[Supplied entries — start]
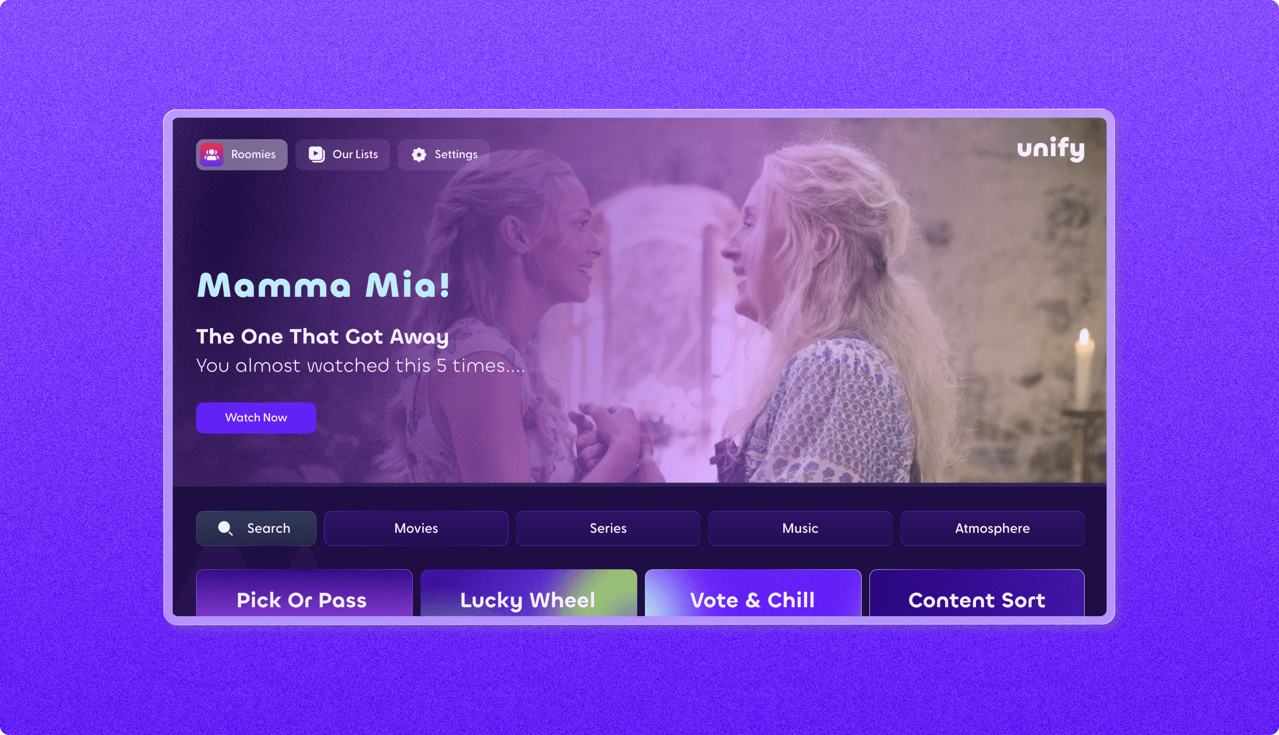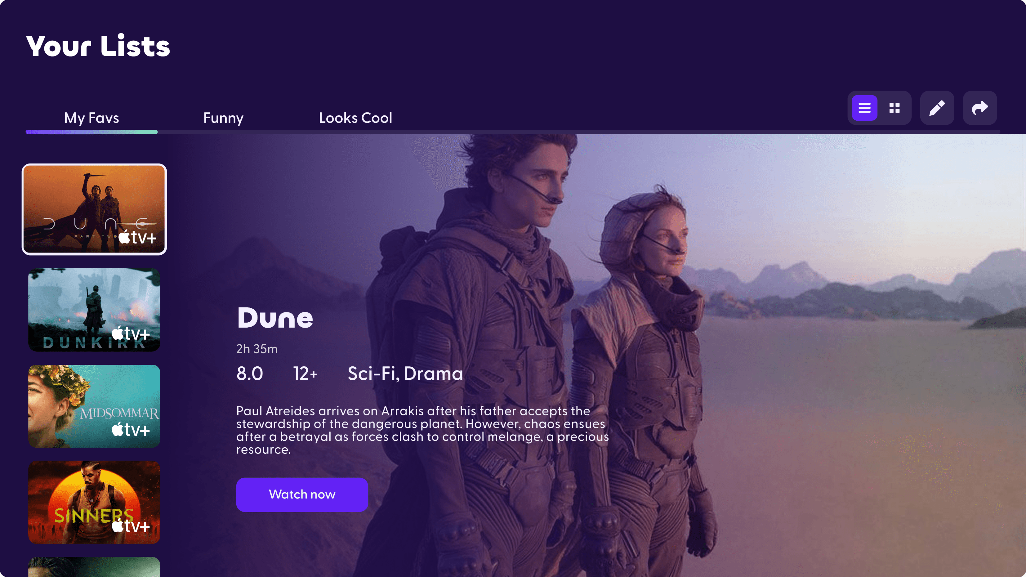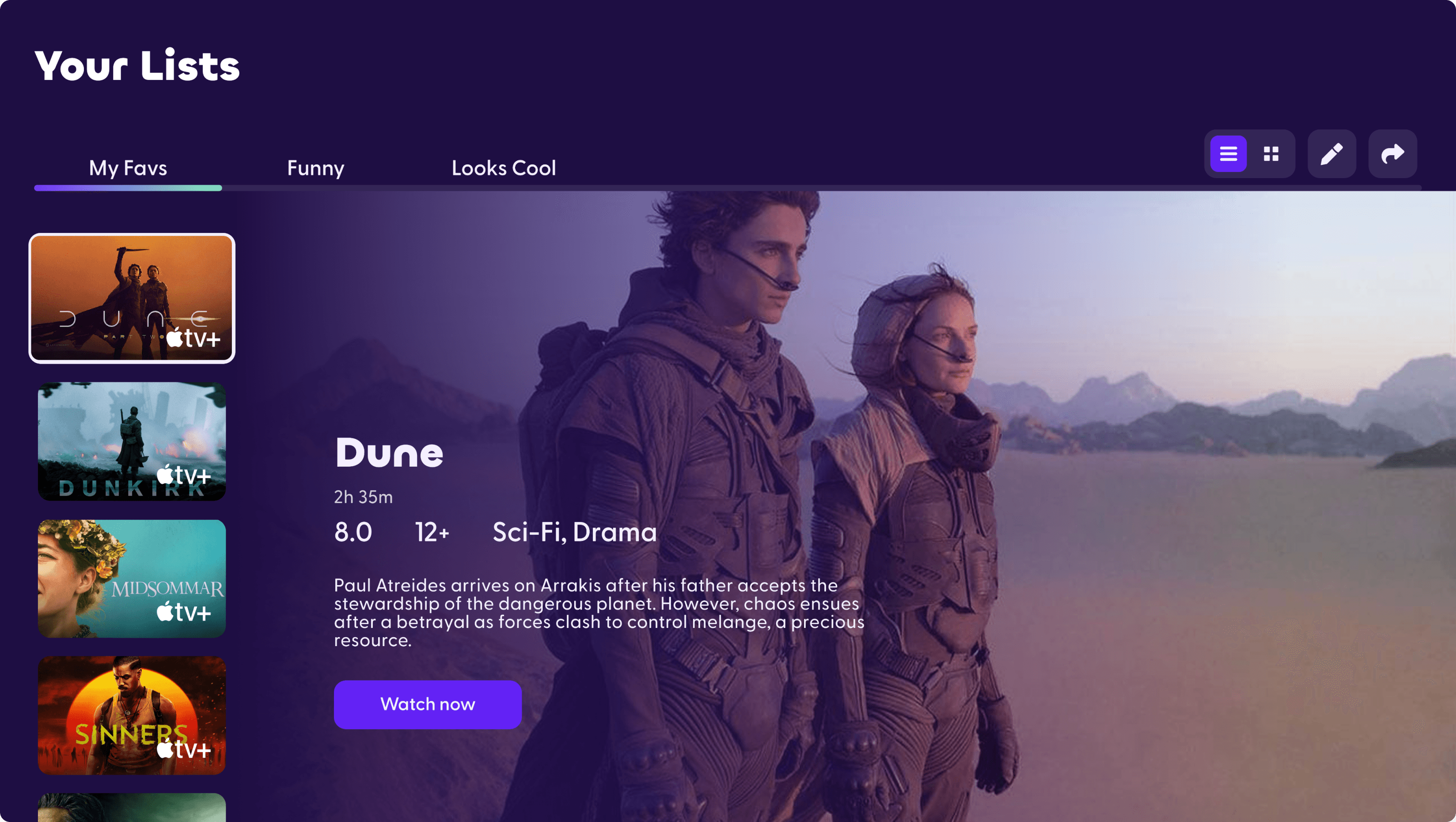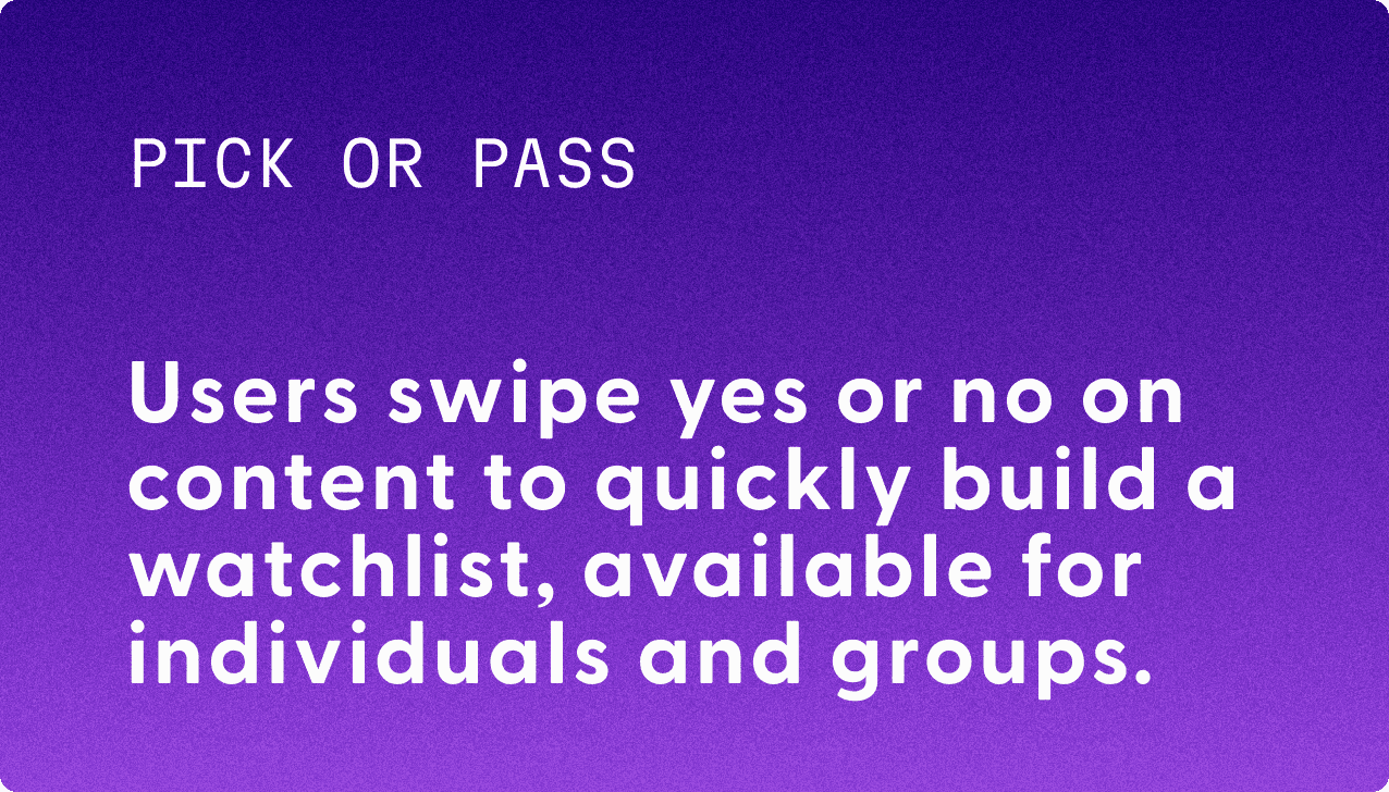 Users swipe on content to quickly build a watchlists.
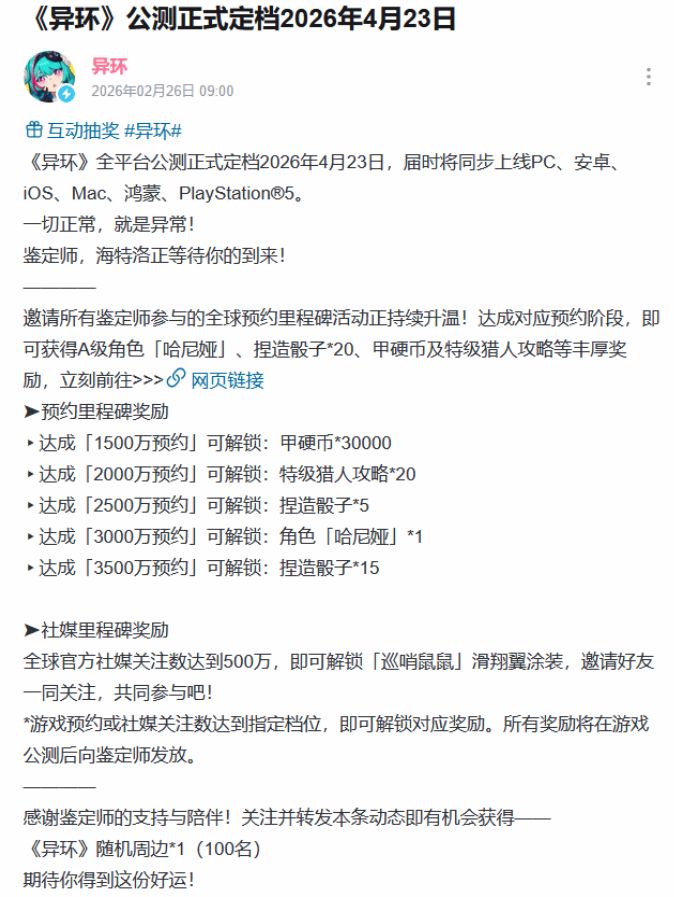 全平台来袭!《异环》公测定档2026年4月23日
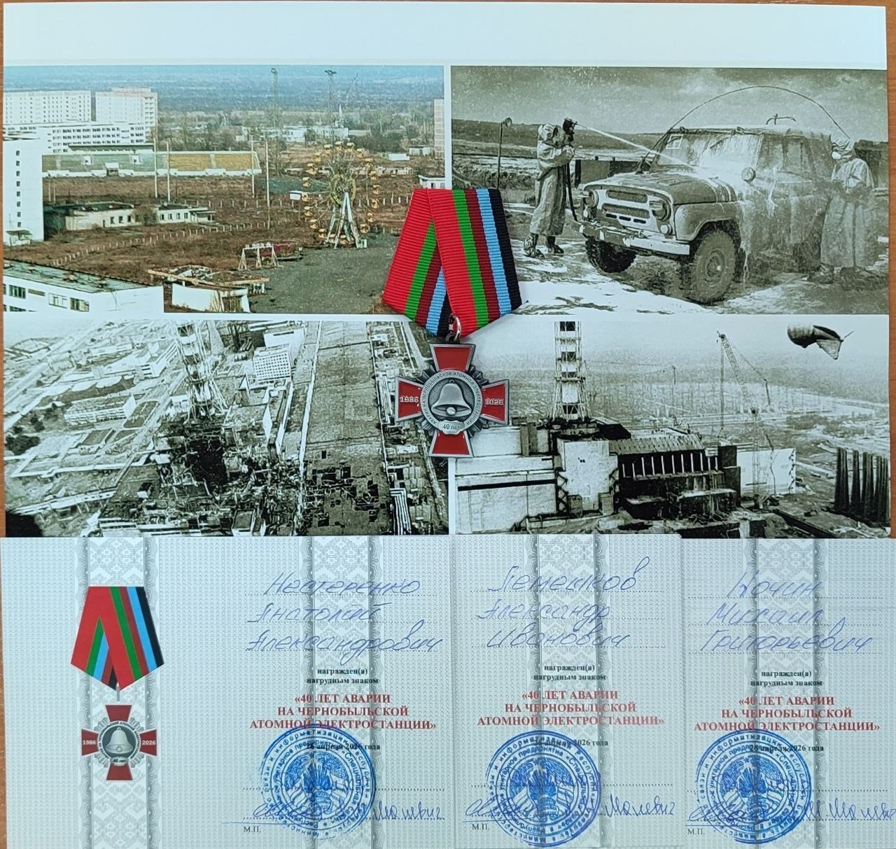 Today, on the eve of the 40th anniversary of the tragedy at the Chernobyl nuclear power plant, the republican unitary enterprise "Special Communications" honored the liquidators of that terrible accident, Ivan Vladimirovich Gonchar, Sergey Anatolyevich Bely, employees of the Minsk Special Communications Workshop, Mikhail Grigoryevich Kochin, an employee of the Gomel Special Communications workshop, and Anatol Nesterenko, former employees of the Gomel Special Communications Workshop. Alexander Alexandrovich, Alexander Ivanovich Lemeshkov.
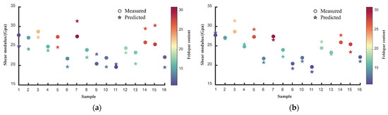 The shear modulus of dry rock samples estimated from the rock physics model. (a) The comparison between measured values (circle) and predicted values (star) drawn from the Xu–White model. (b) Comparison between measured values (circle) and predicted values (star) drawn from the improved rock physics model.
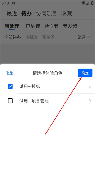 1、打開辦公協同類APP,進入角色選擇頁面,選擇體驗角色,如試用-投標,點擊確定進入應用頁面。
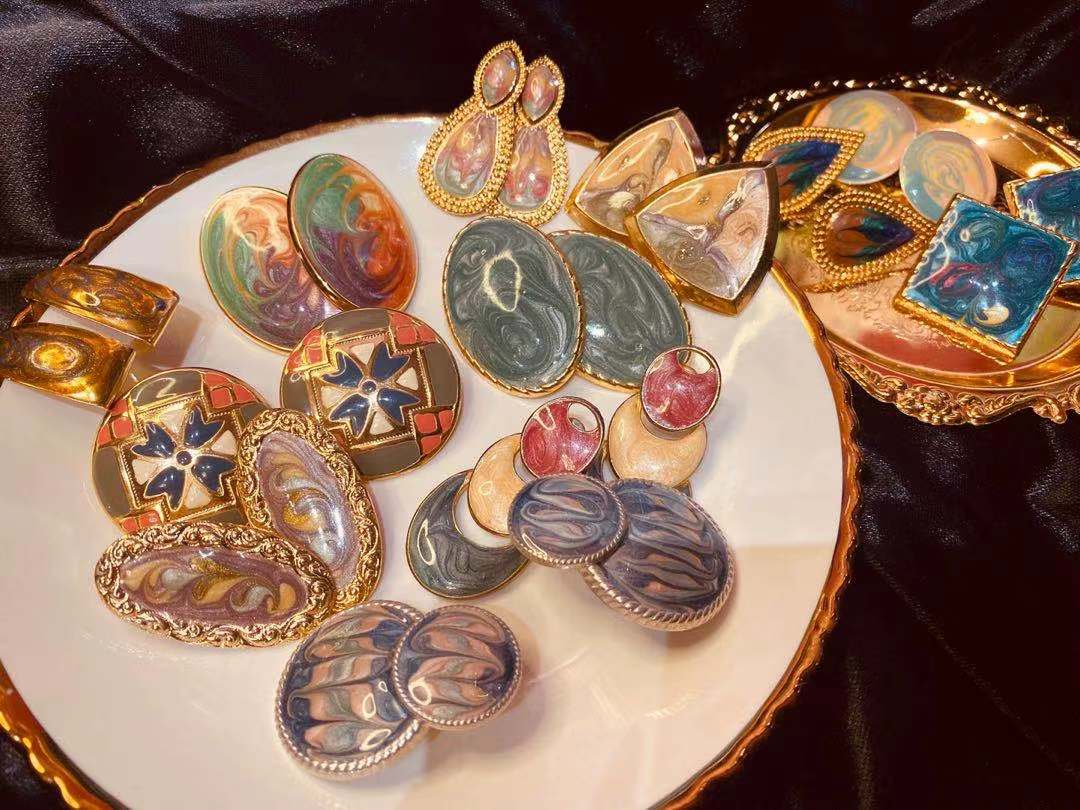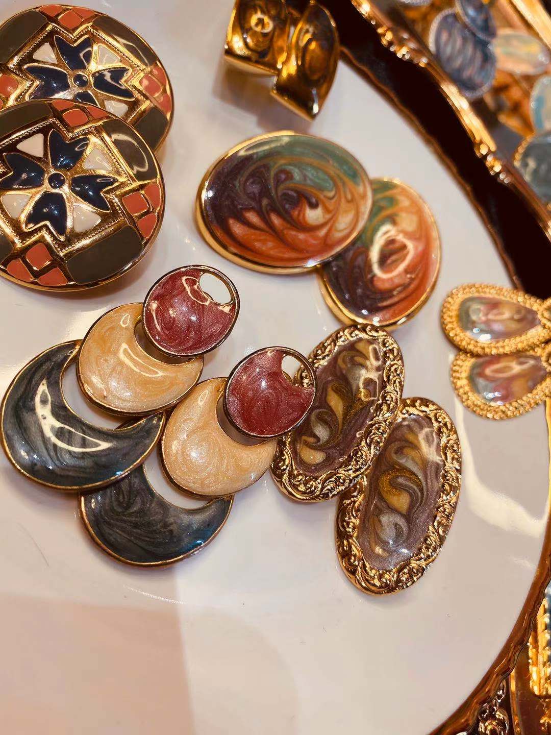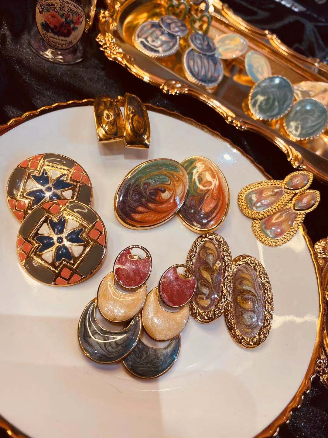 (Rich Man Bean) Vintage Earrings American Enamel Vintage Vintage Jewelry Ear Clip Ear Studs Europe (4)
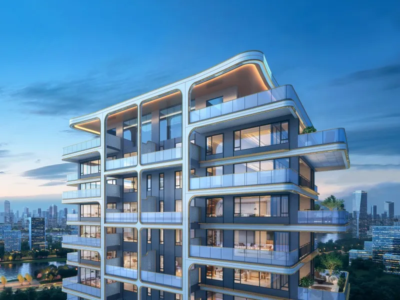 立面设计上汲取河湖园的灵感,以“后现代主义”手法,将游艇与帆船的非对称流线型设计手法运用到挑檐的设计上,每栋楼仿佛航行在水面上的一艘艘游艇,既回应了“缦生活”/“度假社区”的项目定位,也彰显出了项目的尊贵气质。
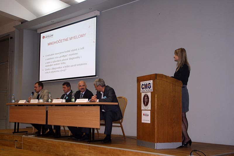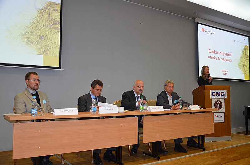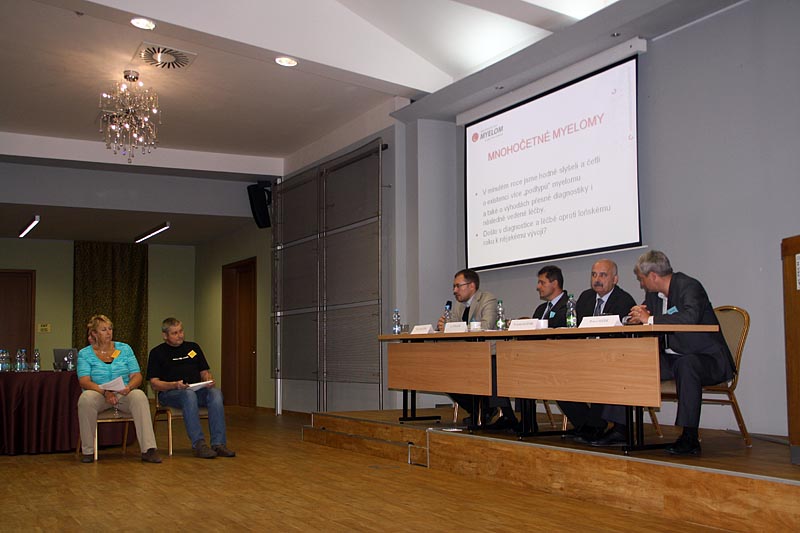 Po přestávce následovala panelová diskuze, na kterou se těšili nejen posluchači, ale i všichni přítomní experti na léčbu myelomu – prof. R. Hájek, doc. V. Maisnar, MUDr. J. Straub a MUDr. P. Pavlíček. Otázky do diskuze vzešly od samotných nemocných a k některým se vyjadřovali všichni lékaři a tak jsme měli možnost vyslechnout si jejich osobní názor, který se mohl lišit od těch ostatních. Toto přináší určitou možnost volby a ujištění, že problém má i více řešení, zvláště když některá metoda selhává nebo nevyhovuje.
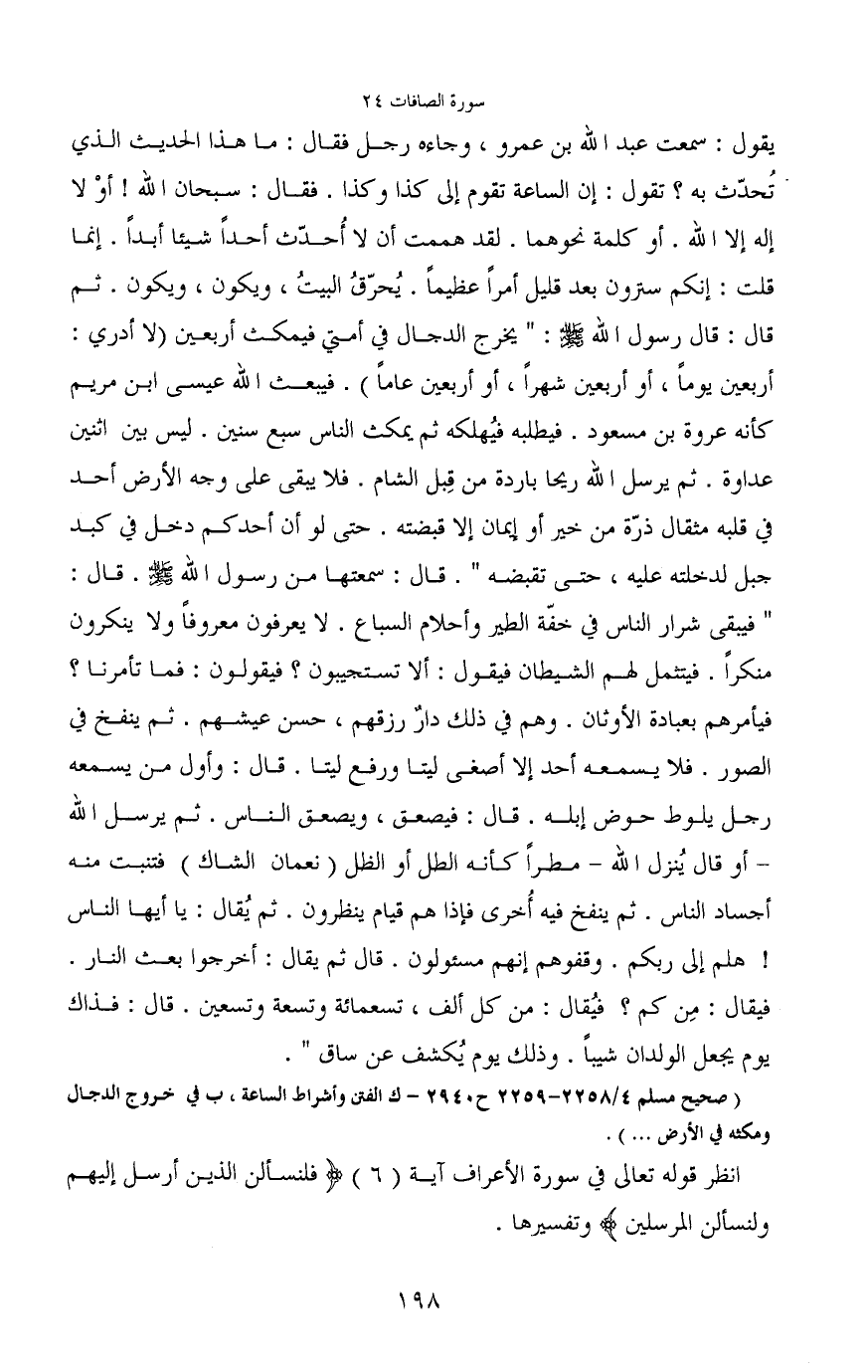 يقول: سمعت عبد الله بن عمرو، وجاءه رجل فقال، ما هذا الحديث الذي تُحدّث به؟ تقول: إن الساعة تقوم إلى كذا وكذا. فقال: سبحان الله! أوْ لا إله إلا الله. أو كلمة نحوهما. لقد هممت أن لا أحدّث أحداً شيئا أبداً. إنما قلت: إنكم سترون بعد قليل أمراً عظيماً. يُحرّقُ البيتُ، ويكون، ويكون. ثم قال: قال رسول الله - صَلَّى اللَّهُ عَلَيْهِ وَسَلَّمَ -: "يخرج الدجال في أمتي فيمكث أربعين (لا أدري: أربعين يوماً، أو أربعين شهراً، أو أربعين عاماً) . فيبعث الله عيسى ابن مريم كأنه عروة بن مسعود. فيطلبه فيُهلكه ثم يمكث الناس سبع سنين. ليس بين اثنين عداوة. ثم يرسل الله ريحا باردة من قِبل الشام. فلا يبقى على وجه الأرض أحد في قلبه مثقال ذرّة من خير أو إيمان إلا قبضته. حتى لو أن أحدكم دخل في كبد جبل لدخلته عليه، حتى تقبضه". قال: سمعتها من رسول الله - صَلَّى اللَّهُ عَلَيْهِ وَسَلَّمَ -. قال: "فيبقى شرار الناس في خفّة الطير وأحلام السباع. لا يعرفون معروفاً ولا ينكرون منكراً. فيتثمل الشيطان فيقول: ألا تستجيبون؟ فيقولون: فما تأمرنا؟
[Supplied entries — finish]
• **What to produce**: Start with the line above containing "Today, on the" and end with the line containing "Po přestávce následovala". Set down that stretch exactly, without any pictures.

• **Your solution**:
 Today, on the eve of the 40th anniversary of the tragedy at the Chernobyl nuclear power plant, the republican unitary enterprise "Special Communications" honored the liquidators of that terrible accident, Ivan Vladimirovich Gonchar, Sergey Anatolyevich Bely, employees of the Minsk Special Communications Workshop, Mikhail Grigoryevich Kochin, an employee of the Gomel Special Communications workshop, and Anatol Nesterenko, former employees of the Gomel Special Communications Workshop. Alexander Alexandrovich, Alexander Ivanovich Lemeshkov.
 The shear modulus of dry rock samples estimated from the rock physics model. (a) The comparison between measured values (circle) and predicted values (star) drawn from the Xu–White model. (b) Comparison between measured values (circle) and predicted values (star) drawn from the improved rock physics model.
 1、打開辦公協同類APP,進入角色選擇頁面,選擇體驗角色,如試用-投標,點擊確定進入應用頁面。
 (Rich Man Bean) Vintage Earrings American Enamel Vintage Vintage Jewelry Ear Clip Ear Studs Europe (4)
 立面设计上汲取河湖园的灵感,以“后现代主义”手法,将游艇与帆船的非对称流线型设计手法运用到挑檐的设计上,每栋楼仿佛航行在水面上的一艘艘游艇,既回应了“缦生活”/“度假社区”的项目定位,也彰显出了项目的尊贵气质。
 Po přestávce následovala panelová diskuze, na kterou se těšili nejen posluchači, ale i všichni přítomní experti na léčbu myelomu – prof. R. Hájek, doc. V. Maisnar, MUDr. J. Straub a MUDr. P. Pavlíček. Otázky do diskuze vzešly od samotných nemocných a k některým se vyjadřovali všichni lékaři a tak jsme měli možnost vyslechnout si jejich osobní názor, který se mohl lišit od těch ostatních. Toto přináší určitou možnost volby a ujištění, že problém má i více řešení, zvláště když některá metoda selhává nebo nevyhovuje.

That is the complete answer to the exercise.